ОН: Лет в четырнадцать, может. Больше десяти лет назад. Нам бы быстрее, время у меня ограничено.
Тишина.
Я: Какой грех давит тебе на душу, сын…
ОН: Никакой.
Так.
ОН: Ничего на меня не давит, мысли только.
Я: Какие?
Молчит.
Я: О чем-то ты же думал, когда деву Марию просил, марки ей жертвовал, в зале…
ОН: Нет, тогда я как раз не думал.
Я: А… как… зачем, что толкнуло…
ОН: Жить не хотелось. Вам всегда хочется жить?
Я: Бывают времена апатии, сын мой, когда руки опускаются, отчаяние…
ОН: Да нет! Какая апатия? Просто жить не надо.

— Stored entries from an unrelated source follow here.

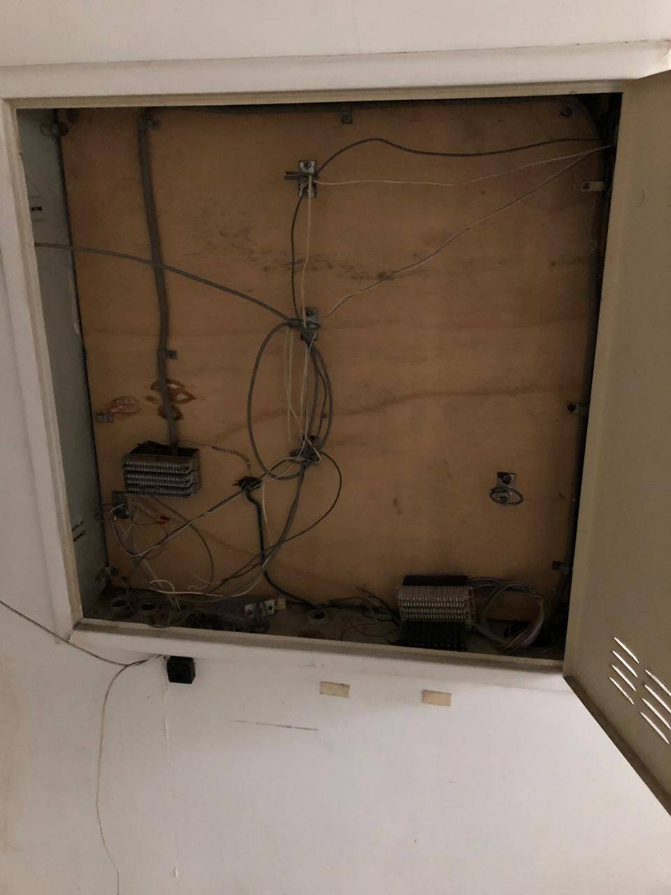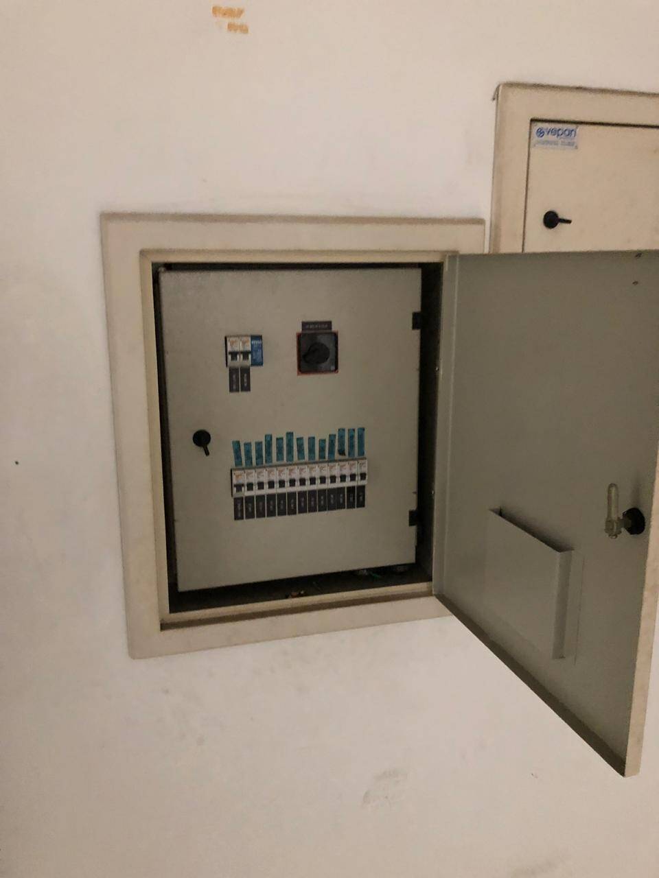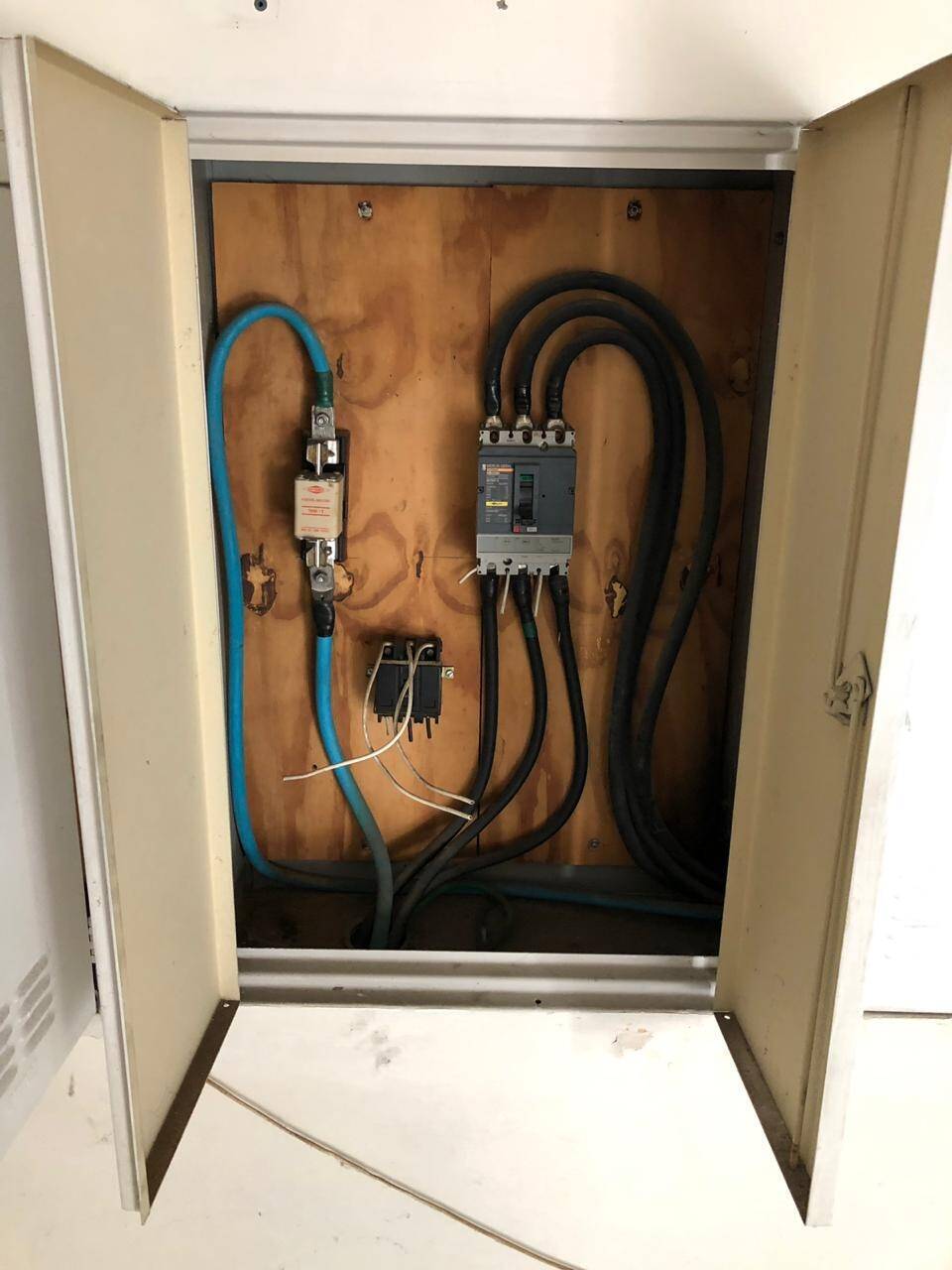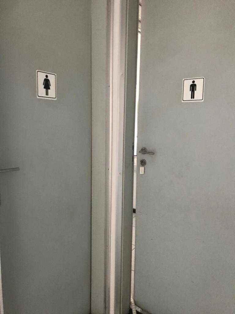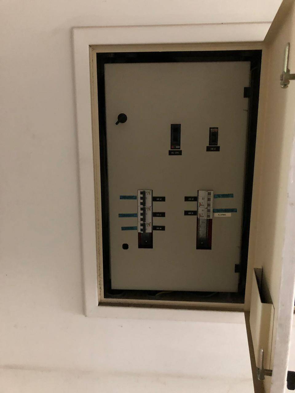 Primeiro andar: loja grande com banheiro acessível, porta de vidro e de aço em perfeito funcionamento na entrada, instalação para banco com tomadas no chão, instalação elétrica nova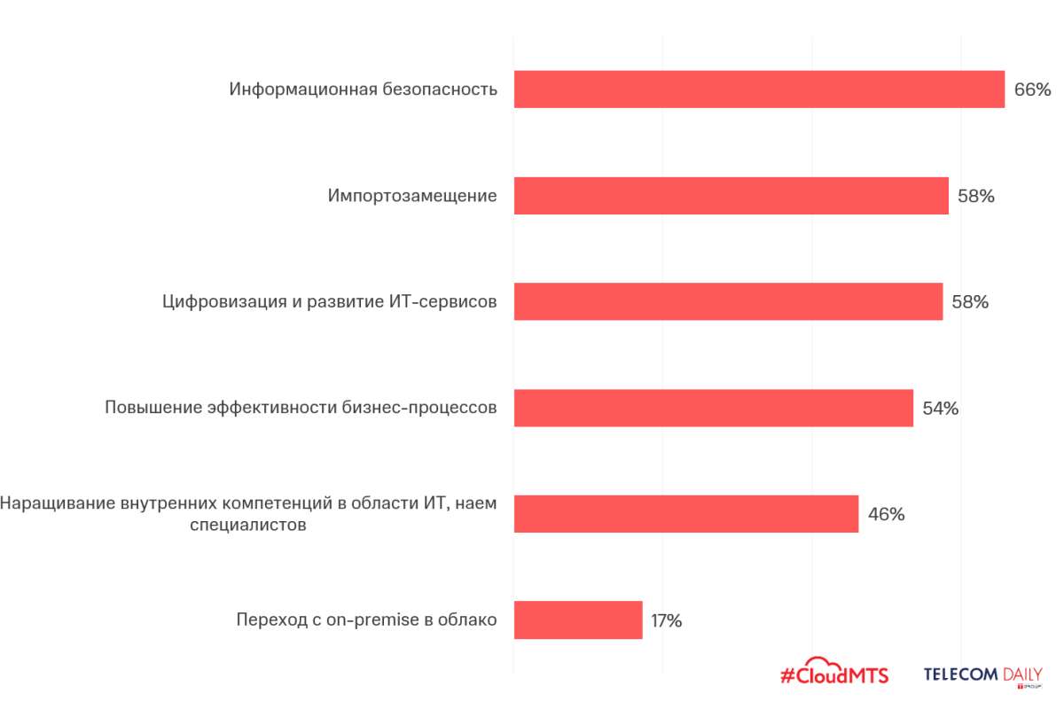 ПАО «МТС» подвела итоги исследования «Технологические вызовы-2022», проведенного вместе с TelecomDaily. В опросе участвовали руководители и владельцы более 600 организаций крупного и среднего бизнеса со штаб-квартирами в Москве и области. Результаты исследования показали, что информационная безопасность, импортозамещение и цифровизация сервисов станут ключевыми приоритетами в ИТ-стратегиях бизнеса на ближайший год. (Рис.1)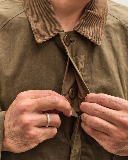 A long, streamlined coat designed for transitional layering with a clean, minimal profile. Featuring a slightly relaxed fit, drop shoulders, side seam pockets, and a single-button front closure. Finished with a straight hem, back vent for ease of movement, and a smooth full lining. Cut from a midweight waxed cotton with a subtle brushed texture for warmth and structure. Also available in Black. fit Dane is 6’0” and typically wears a size Large in tops. He wears the size Large here for a regular fit. measurements XS: bust 47", sleeve 33", length 43"S: bust 49", sleeve 34", length 44"M: bust 51", sleeve 35", length 45"L: bust 53", sleeve 36", length 46"XL: bust 55", sleeve 37", length 47" details Made in Guangzhou, ChinaSmall Batch Production100% Waxed CottonSpot Clean, Dry BrushM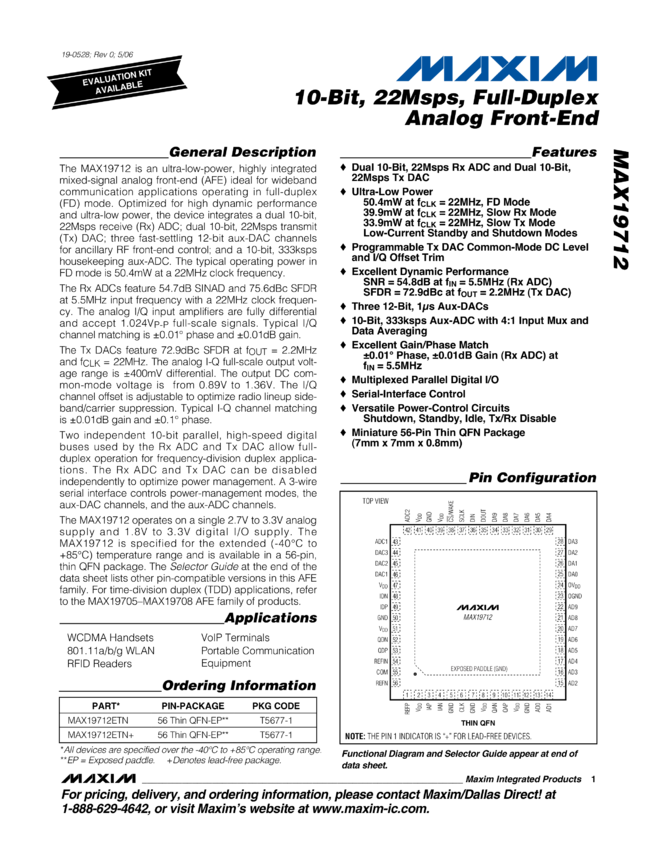 MAX19712 10-Bit, 22Msps, Full-Duplex, Analog Front-End

Я: Я, извините, не понимаю.
ОН: Ну вам никогда не хочется просто не быть, чтоб тело сдохло, черви его сожрали и всё? Ничего больше. Небытие, если угодно. Вот мне тогда жить не хотелось.
Я: Уныние…
ОН: Патер! Какое уныние? Уныние это у жирных домохозяек, которым у камелька поныть надо. Такую один раз кованым сапогом пнешь, она птицей взлетит. Не надо меня вашим унынием, отчаянием, я не «передай все в руки божия» слушать пришел. Бывают просто моменты, когда жить не хочется, и никакого бездействия или апатии. Не хочешь жить и точка. Но живешь. Я даже знаю, почему это теоретически – от ненависти к себе. Раньше думал – из страха, но нет, или даже если и из страха, то страх тоже из ненависти к себе.
Я: Какого страха?
ОН: Не сделать. Не добиться – не доплыть, не дойти. Из всех перечерканных, недоплывших к тебе зверей, Господи, можно я буду тоже неосторожным, вельможным дожем, обожающим лебедей?
Я: Это… чьё?
ОН: Моё. Еще в четырнадцать баловался. Я думал страх это, но не страх, просто ненависть. К себе.
Я: За что?
ОН: За слабость. Или не так – за то, что хорош недостаточно.
Я: Для чего?
ОН: Для всего. Для всего, что должен бы делать.
Я: А что должны бы?
И тут я прочувствовал взгляд его на меня, как на идиота.
Всей кожей прочувствовал.
ОН: Может, мне в прелюбодеянии покаяться?
Что значит «может»?
Кэт, почему с ним всё не как у людей!
Да что ж это такое!
Что ж это за исповедь… чертова!
Отправить бы его домой, сказать – думать надо о грехах своих, раскаяться надо прежде, но…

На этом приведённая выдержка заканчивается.